Scope of Assistance: Under the MOU, the parties agree to provide each other with “the fullest assistance permissible” to secure regulatory compliance, including by providing information or documents regarding the matter set forth in the request for assistance, such as documents detailing the nature and scope of audit reviews or other professional services, audit work papers, and documents identifying firms’ quality control systems.  (See MOU, Art. IV(b).)

The Process for Requesting Assistance: Requests for assistance must be in writing and must specify various items, including: the information requested; a description of the conduct at issue; the purpose for which the information is sought and details regarding the jurisdiction’s implicated law or regulation; the link between that regulation and the requesting party’s function; identification of where the information may be found; and the time for a response.  (See MOU, Art. V.)  Requests may be denied on an “exceptional basis” such as where the request would require the requested party to violate domestic law; the request does not follow the MOU’s provisions; on grounds of public or essential national interest; or where the information is not specific enough to permit the requested party to comply.  (See MOU, Art. III(b).)

Permissible Uses of Shared Information: the party obtaining information under the MOU can only use it for purposes set forth in the request for assistance, and for “the purpose of conducting administrative enforcement proceedings, conducting any investigation for any charge pertaining to the laws or regulations cited in the request for assistance, or for any other purpose permitted or required by the requesting party’s authorizing statute, regulations or rules.”  (MOU, Art. VII.)  Notably, the imposition of sanctions on audit firms within either party’s jurisdiction is contemplated.  (See id.)

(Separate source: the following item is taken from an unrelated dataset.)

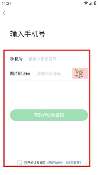 4、在輸入手機號頁面,填寫信息,勾選協(xié)議后即可完成注冊流程。

Confidentiality of Shared Information: The MOU generally requires parties receiving non-public information to keep that information confidential except for certain enumerated exceptions or in response to a “legally enforceable demand.”  (MOU, Art. VIII.)  The parties may share information with certain law enforcement or regulatory authorities in their jurisdictions, as set forth in Article IX, who must maintain the information as privileged and confidential.  However, before either party can share non-public information with another regulatory authority, it must request prior written consent from the other party.  The one exception is that the PCAOB need only notify the Chinese regulators in advance of sharing information with the U.S. Securities and Exchange Commission.  (See MOU, Art. IX.)

What’s next?  This agreement should help facilitate greater information-sharing between U.S. and Chinese regulators.  But it does not yet resolve the important issue of allowing the PCAOB to inspect in China audit firms that are registered with the PCAOB and that audit Chinese companies that trade on U.S. exchanges.  Discussions on this are ongoing.  We will be sure to monitor these developments.